## Work required
Whenever a picture appears in the listing below, leave it out, and copy exactly the lines from the one containing "按照习俗,每年正月十二日至正" through the end.

(Given records Opens)

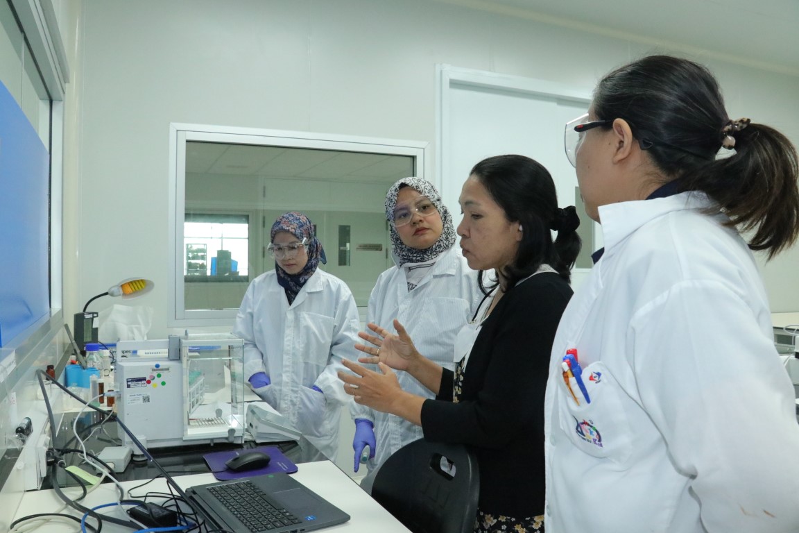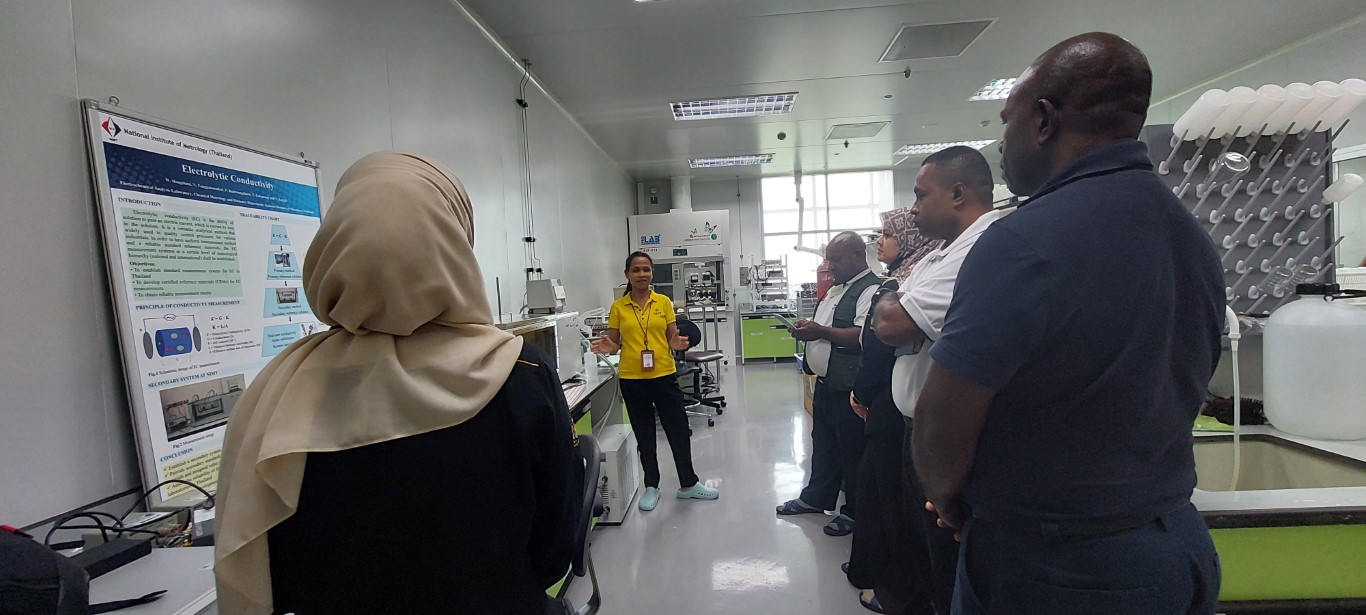 Pol.Lt.Gen. Pornchai Suteerakune, Director of NIMT, together with Dr. Kittiya Shearman, Head of the Chemical Metrology and Biometry Department, Dr. Cheerapa Boonyakong, Group Leader of Organic Analysis, and Dr. Jintana Nammoonnoy, metrologist from the Chemical Metrology and Biometry Department, warmly welcomed Ms. Haznita Rose Bahari and Ms. Siti Nor Fadhilah Sulaiman, chemists from the Department of Chemistry Malaysia (KIMIA) for the training on Isotope Dilution Mass Spectrometry (IDMS), which was held from 19 to 30 May 2025 at NIMT.
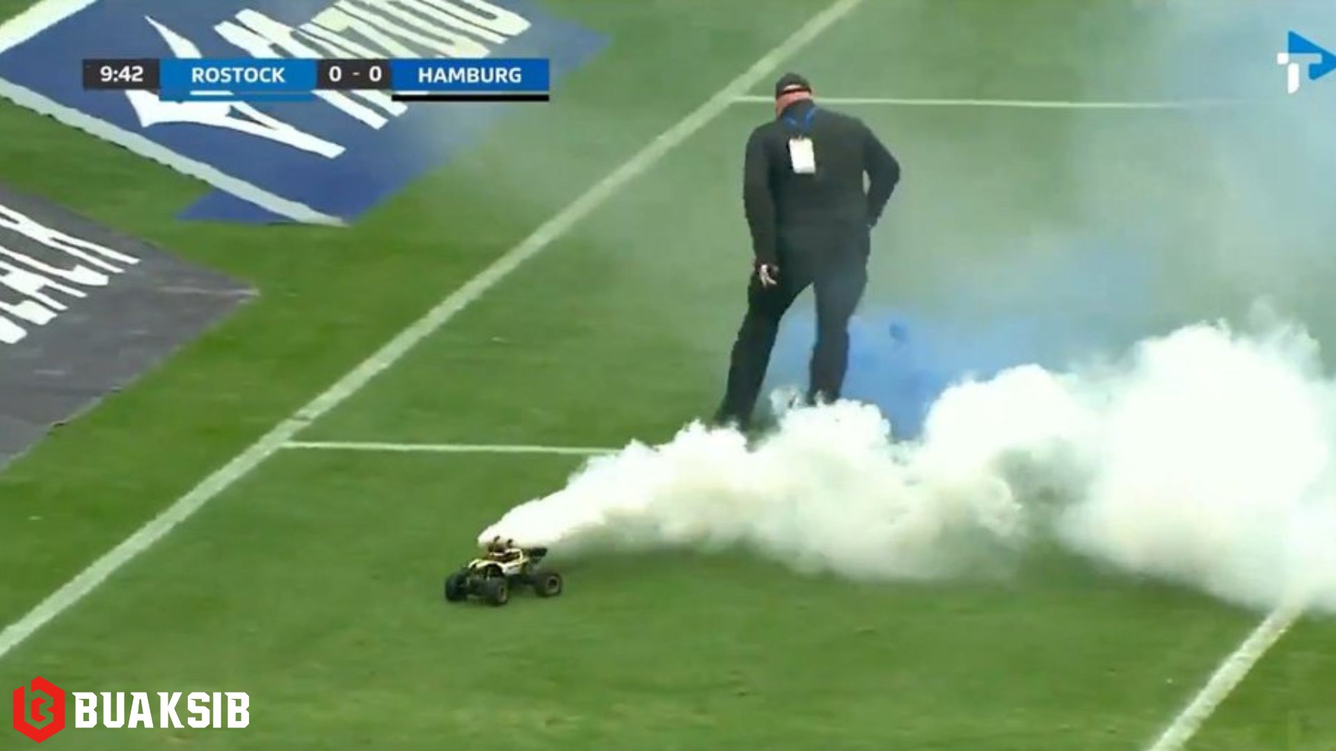 แฟนบอล จอมแสบ ได้จัดการปล่อย รถบังคับ ที่ติดระเบิดควัน ลงไปในสนามของ เกม ลีกา 2 เยอรมัน จนทำให้เกมการแข่งขันต้องหยุดชะงัก
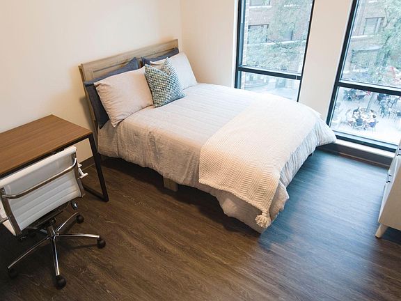 Newly constructed luxury apartments in the most convenient location in Collegetown. Units come fully furnished with beds, mattresses, desks, dressers, couches, chairs, wall mounted TVs and either tables or built-in islands with stools. Kitchen appliances include: electric cooktops, convection microwaves, and full-sized fridges.
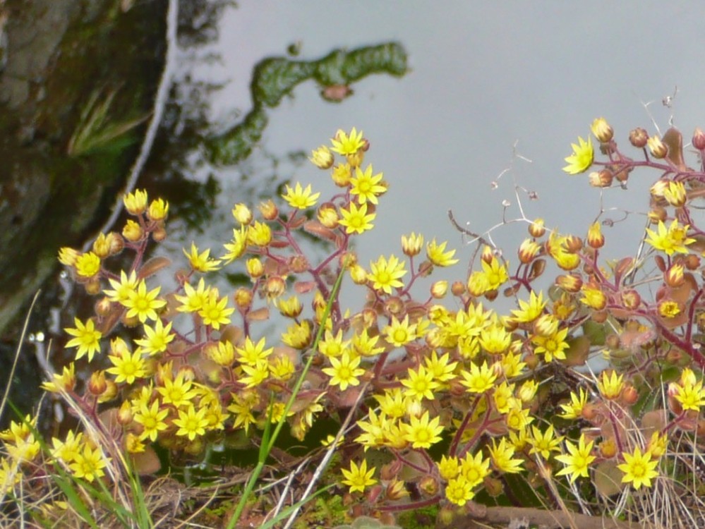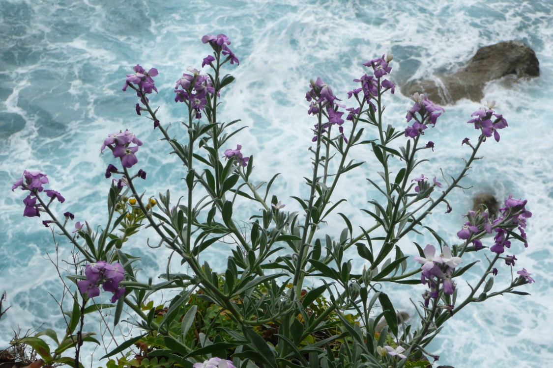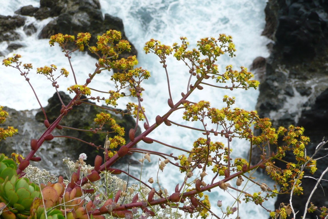 DachwurzDachwurz-Blüten oberhalb der tosenden Brandung. |
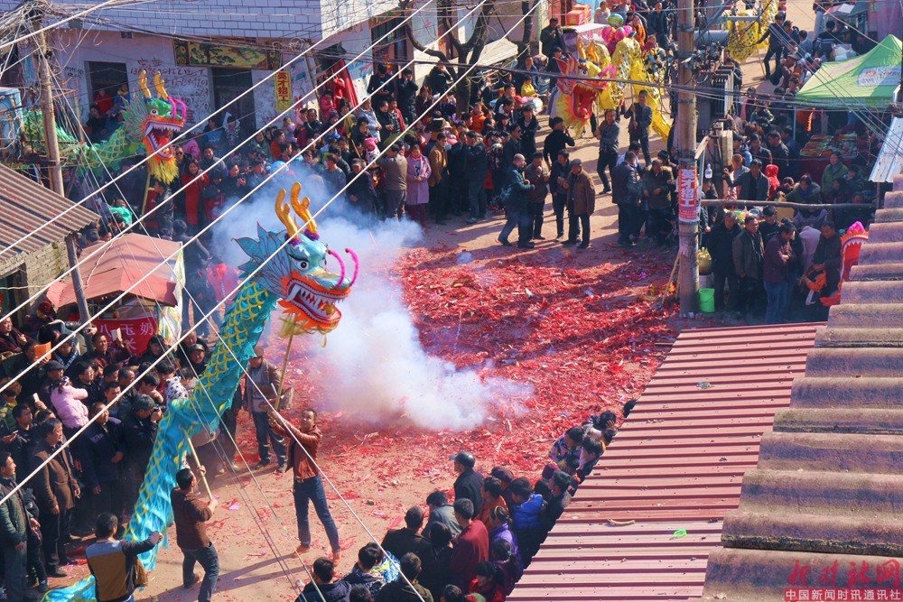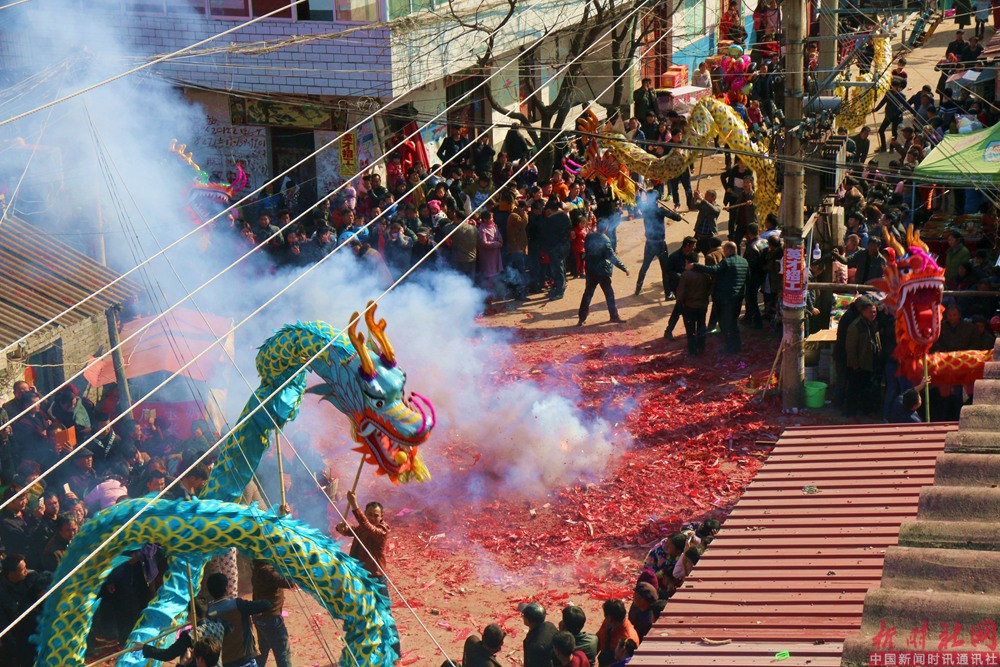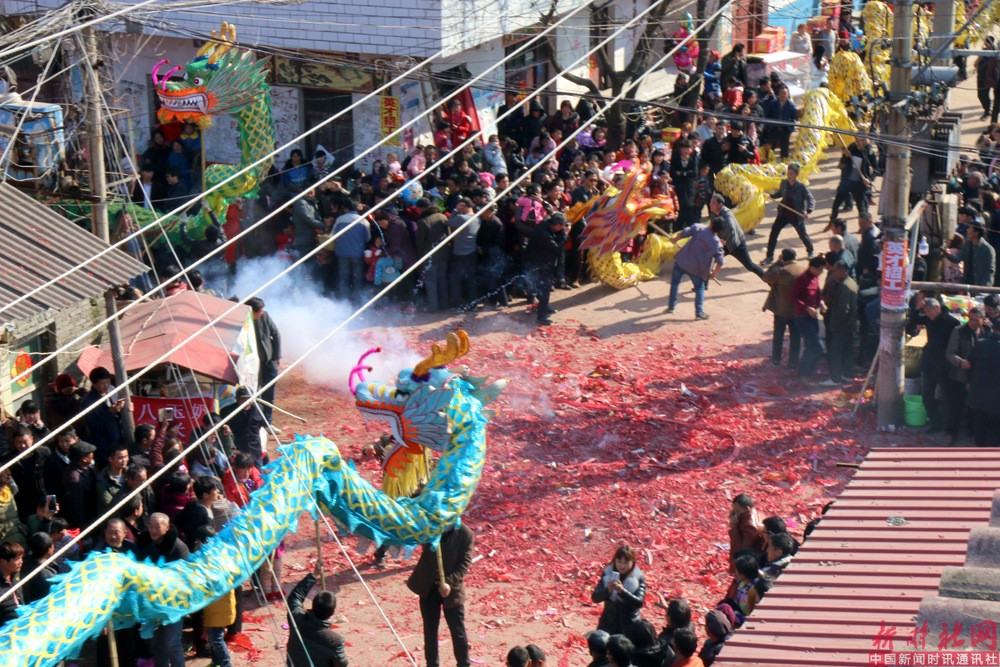 按照习俗,每年正月十二日至正月十五日在村镇上举办“龙灯会”,表演形式以舞龙为主题。特别是晚上,以燃放大量的鞭炮来渲染气氛,因不停的放炮,炮纸堆积起来很厚,自燃起来,窜起熊熊火苗,四条龙围着火堆表演,惊险壮观(有舞火龙之说)。连续几日,通宵达旦,轮番演出,热闹非凡,引得十里八乡地乡亲们扶老携幼前来赶会,高潮时观众多达数万人。
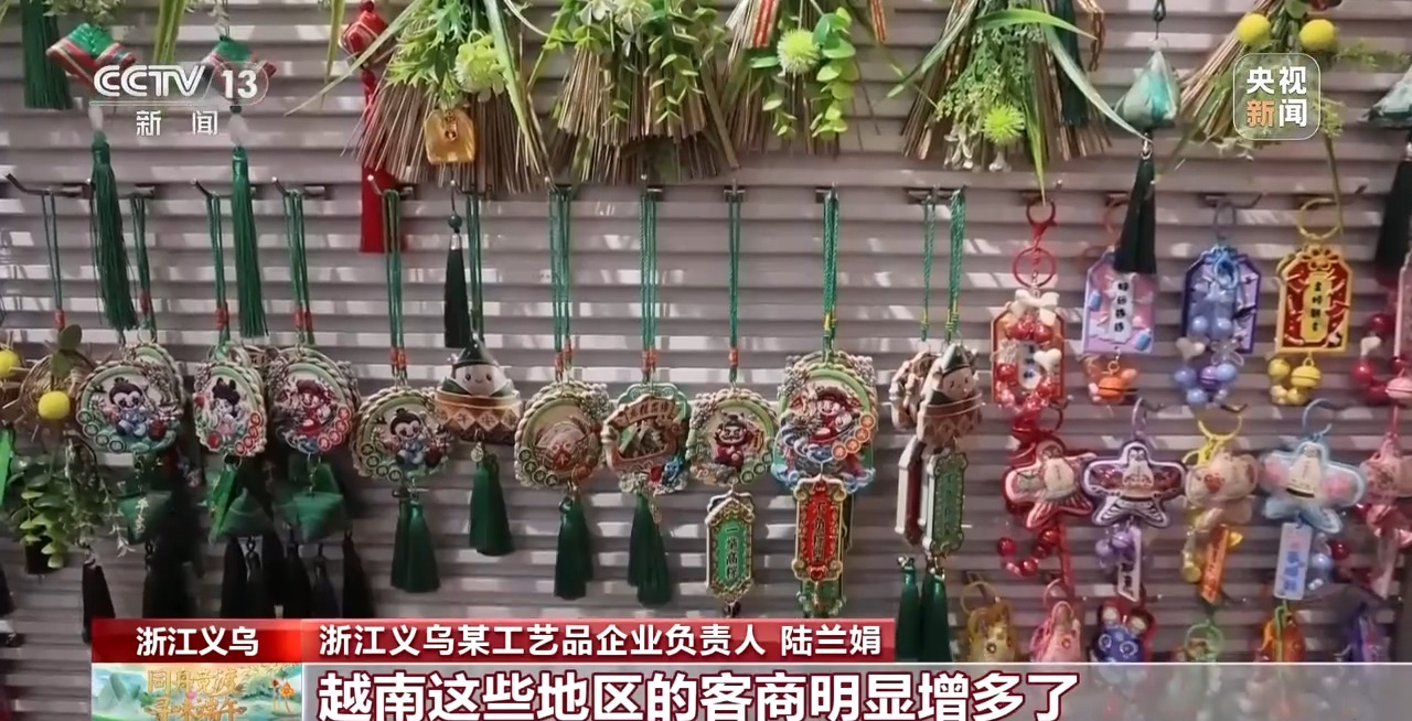 浙江義烏某工藝品企業(yè)負(fù)責(zé)人 陸蘭娟:以前香囊的消費(fèi)群體以國內(nèi)為主,這兩年,越來越多的外國客商來咨詢。前年賣出了15萬個左右,去年訂單翻了一番,有30萬個。那今年的訂單也明顯超過了過去,尤其是新加坡、馬來西亞、越南這些地區(qū)的客商明顯增多。
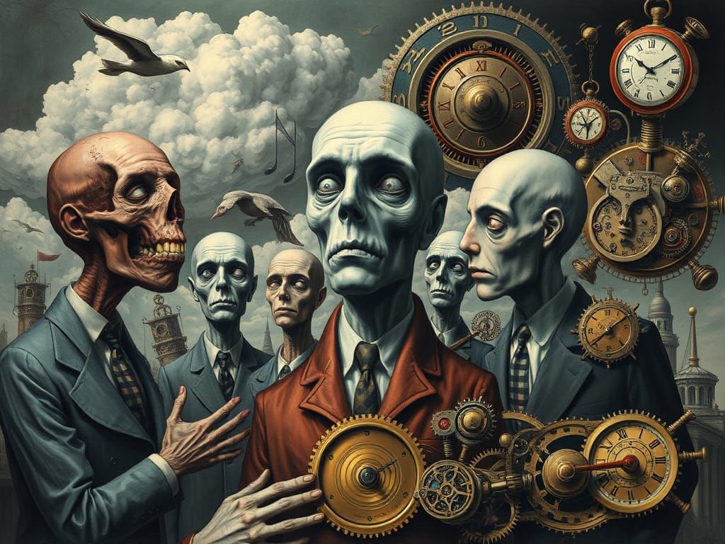 This image depicts surreal, distorted human figures in a bizarre, dreamlike setting surrounded by abstract, surreal elements, evoking the works of H.R. Giger, Zdzisław Beksiński, and Francis Bacon, with a hint of grotesque, caricatured exaggeration
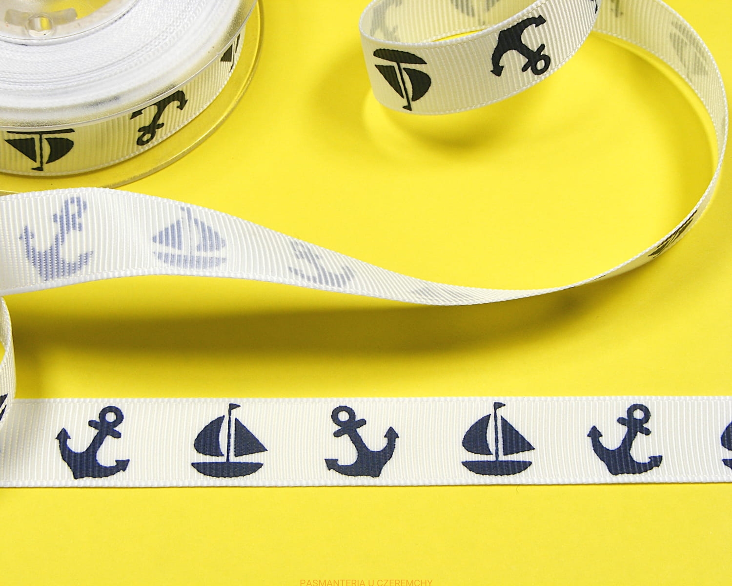 tasiemka rypsowa drukowana 16 mm - kotwice i żaglówki, rolka 9,1 m

(Given records Closes)

## Written response
 按照习俗,每年正月十二日至正月十五日在村镇上举办“龙灯会”,表演形式以舞龙为主题。特别是晚上,以燃放大量的鞭炮来渲染气氛,因不停的放炮,炮纸堆积起来很厚,自燃起来,窜起熊熊火苗,四条龙围着火堆表演,惊险壮观(有舞火龙之说)。连续几日,通宵达旦,轮番演出,热闹非凡,引得十里八乡地乡亲们扶老携幼前来赶会,高潮时观众多达数万人。
 浙江義烏某工藝品企業(yè)負(fù)責(zé)人 陸蘭娟:以前香囊的消費(fèi)群體以國內(nèi)為主,這兩年,越來越多的外國客商來咨詢。前年賣出了15萬個左右,去年訂單翻了一番,有30萬個。那今年的訂單也明顯超過了過去,尤其是新加坡、馬來西亞、越南這些地區(qū)的客商明顯增多。
 This image depicts surreal, distorted human figures in a bizarre, dreamlike setting surrounded by abstract, surreal elements, evoking the works of H.R. Giger, Zdzisław Beksiński, and Francis Bacon, with a hint of grotesque, caricatured exaggeration
 tasiemka rypsowa drukowana 16 mm - kotwice i żaglówki, rolka 9,1 m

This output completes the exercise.